Given the high accuracy of the fitted random forest tree model, this study continued to investigate the feature variables that were noteworthy in improving the model's exactness.The main highlights which could anticipate if an individual would undergo treatment or not are work_interfere, family_history,age, company size, leave, care options, benefits.

It can be predicted that an individual undergoes treatment when it has an high impact on his work. If he is unable to concentrate in his work, then he seeks medical help. Family history also plays an important role as we have discussed in our exploratory analysis. Age is another factor. As a person ages it is obvious he medical illness and will opt for a treatment.When a person is employed in a large oranization where he has to interact with many people then he has high chances to get treated. Also employee benefits, leave options, care options has a high impact.

2.Transparency about Mental Health with Future Employer mental_health_interview label is considered as the target variable as we are interested in analyzing if a person will likely reveal his mental illness in an interview with his/her future employee. This is to analyse how comfortable an individual is when questioned about his disability. Anonymity and phsical_health_interview label are dropped to analyse this problem. Test and train data are created in the ratio 70:30. The model is fitted in our train data and test data accuary is 78%.

The important features are predicted. Age,no_employees,leave,work_interfere are of high importance.

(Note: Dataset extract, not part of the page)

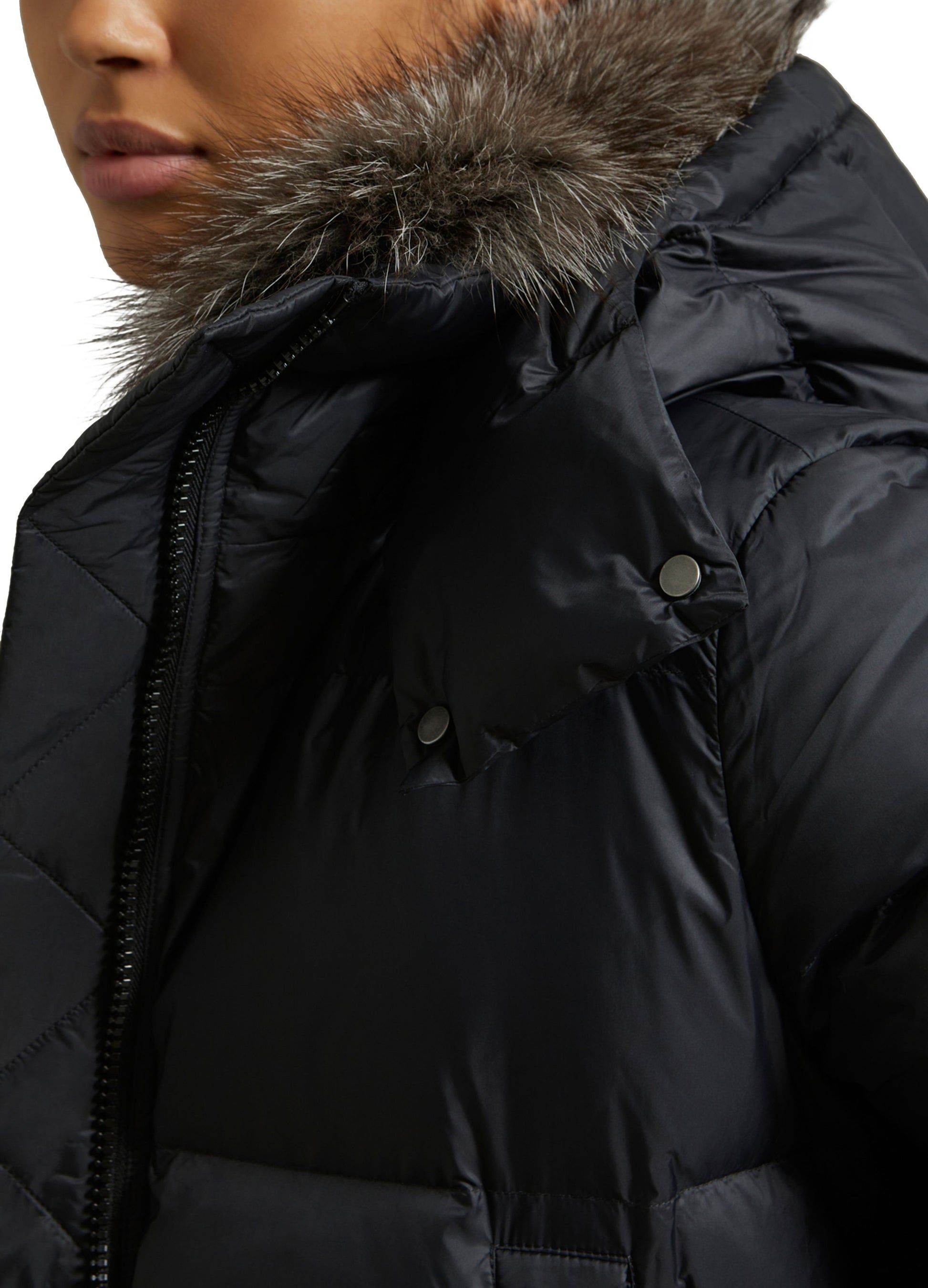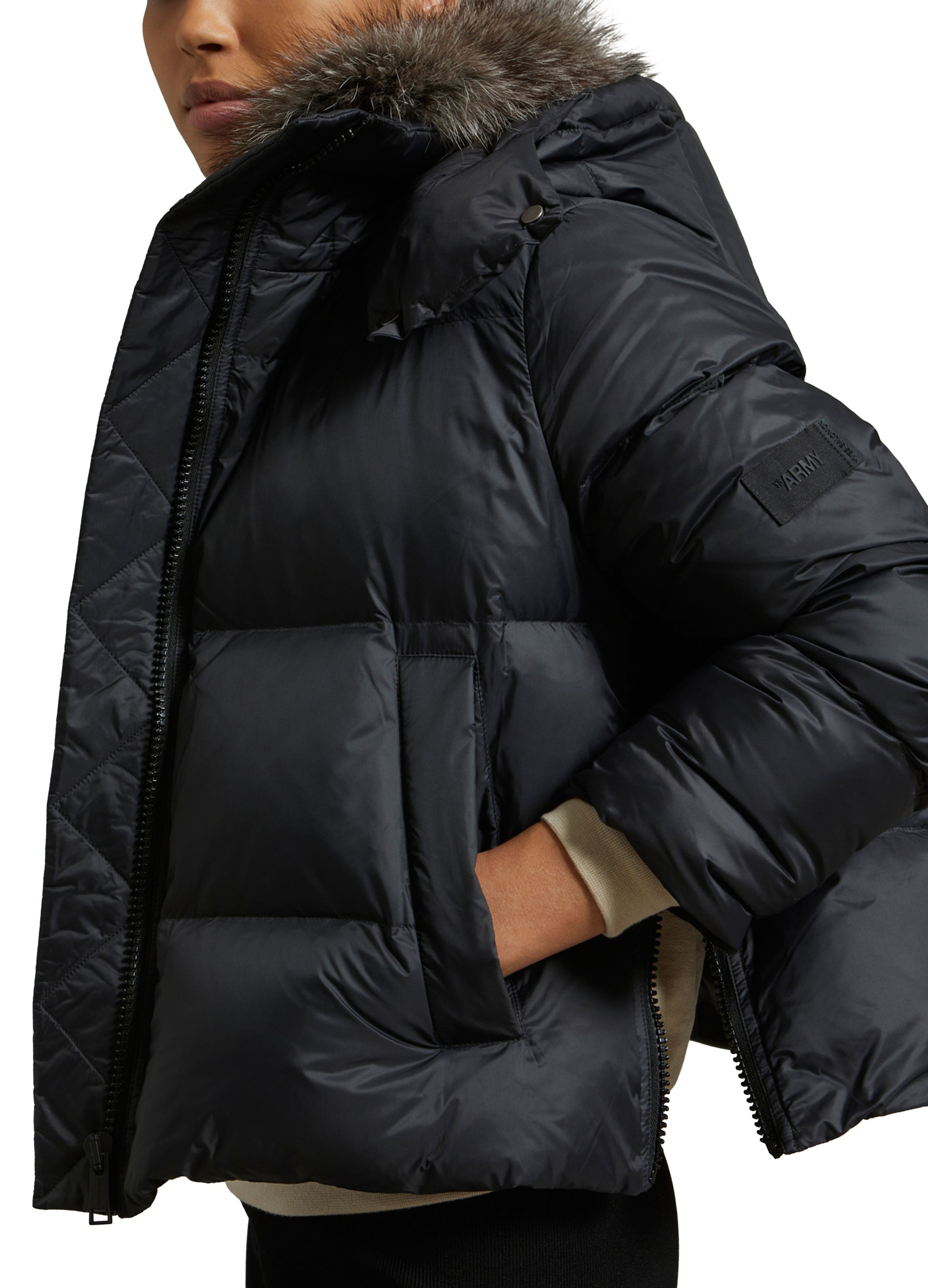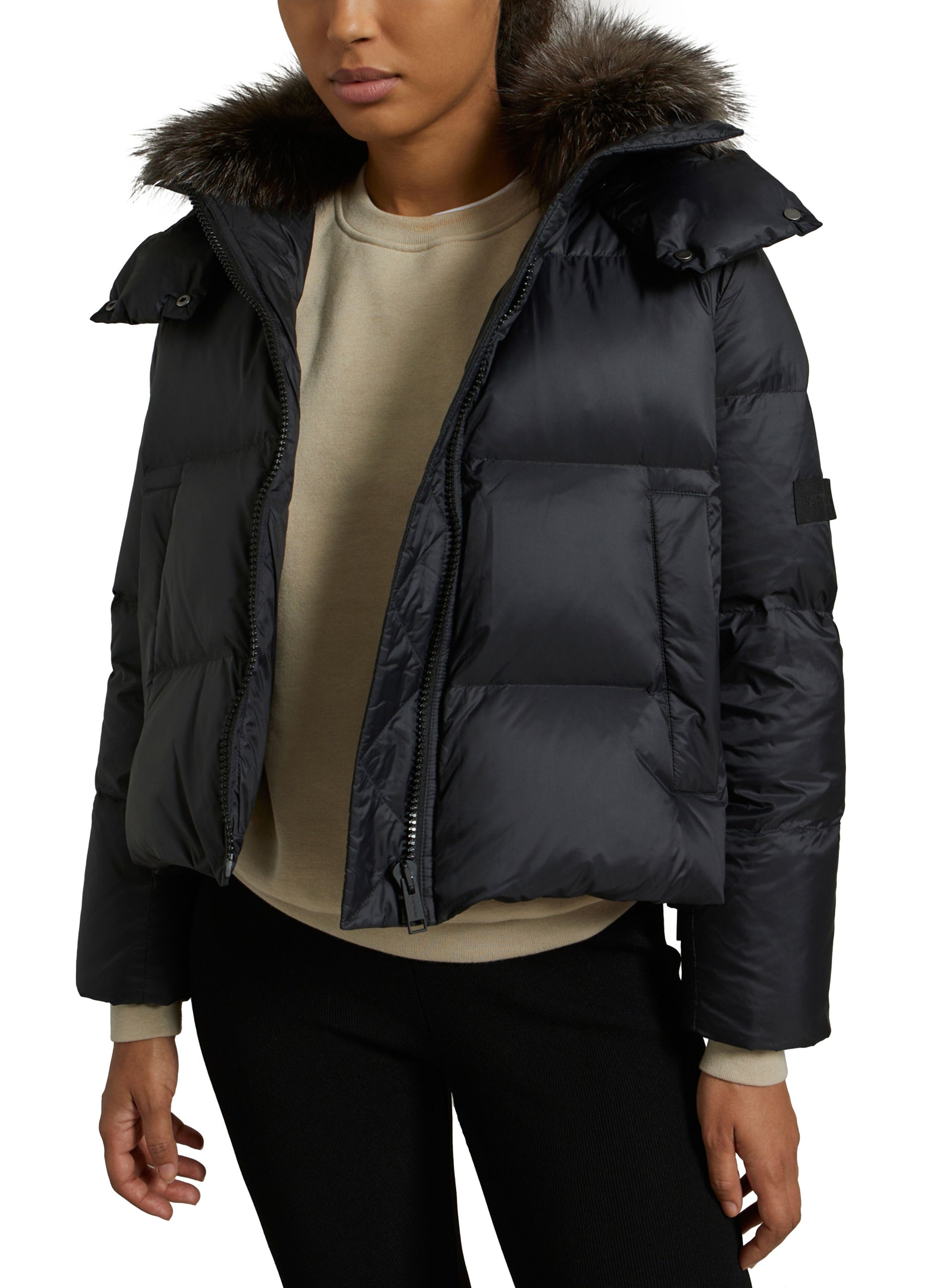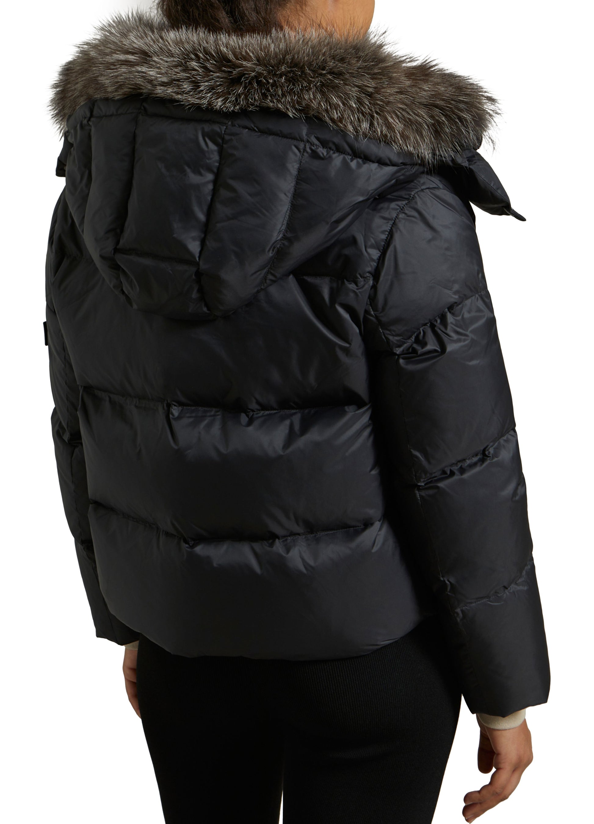 A timeless essential, the short down jacket in water-repellent technical fabric is revisited in a feminine and versatile version. Featuring a detachable hood and a removable collar trim in natural-dyed fox fur, its style evolves with the season. Design details include a front zip fastening, two welt pockets, invisible technical ribbed finishes at the bottom sleeves, as well as side zip slits. Functional and lightweight at the same time, this down jacket is padded with high-quality duck feathers and down to guarantee comfort, warmth and breathability all winter long.

Age is the most huge marker, regardless of the way that there appears, apparently, to be no immediate association with willingess to share about emotional well-being with future boss. A person recognized as having psychological wellness ailment as unfavorable to one's profession is the following most important indicator. Normally, the more one feels that being identified with mental will hurt one's profession, the more uncertain one will carry it up with a future manager. One thing to be noted is gender is insignificant here which tells us no individual is willing to disclose his disability which he considers to be confidential.




Mental health is essential to a person’s well-being, healthy family and interpersonal relationships, and the ability to live a full and productive life. Mental health and physical health are closely connected. Mental health plays a major role in people’s ability to maintain good physical health. Mental illnesses, such as depression and anxiety, affect people’s ability to participate in health-promoting behaviors. In turn, problems with physical health, such as chronic diseases, can have a serious impact on mental health and decrease a person’s ability to participate in treatment and recovery.Analysing the dataset e found tha almost all participants of this survey come from US and companies tend to provide mental health benefits and instruction for people with mental health issues. In this fast paced world people work hard o outshine in their like to gain wealth and in the process forget about their own health. They understand the seriousness of the health issue only when it causes a barrier to their work. From the initial analysis of the data, evidence was observed for higher mental illness among middle aged males as compared to females.Through the Randon Forest tree model proposed it is clear that a person in more likely to undergo treatment if he has great employer benefits. Companies should give both moral and financial support to their employees. The employees should be aware of the company policies. People should be identified through their talent and never be rejected just because of their physical/mental illness.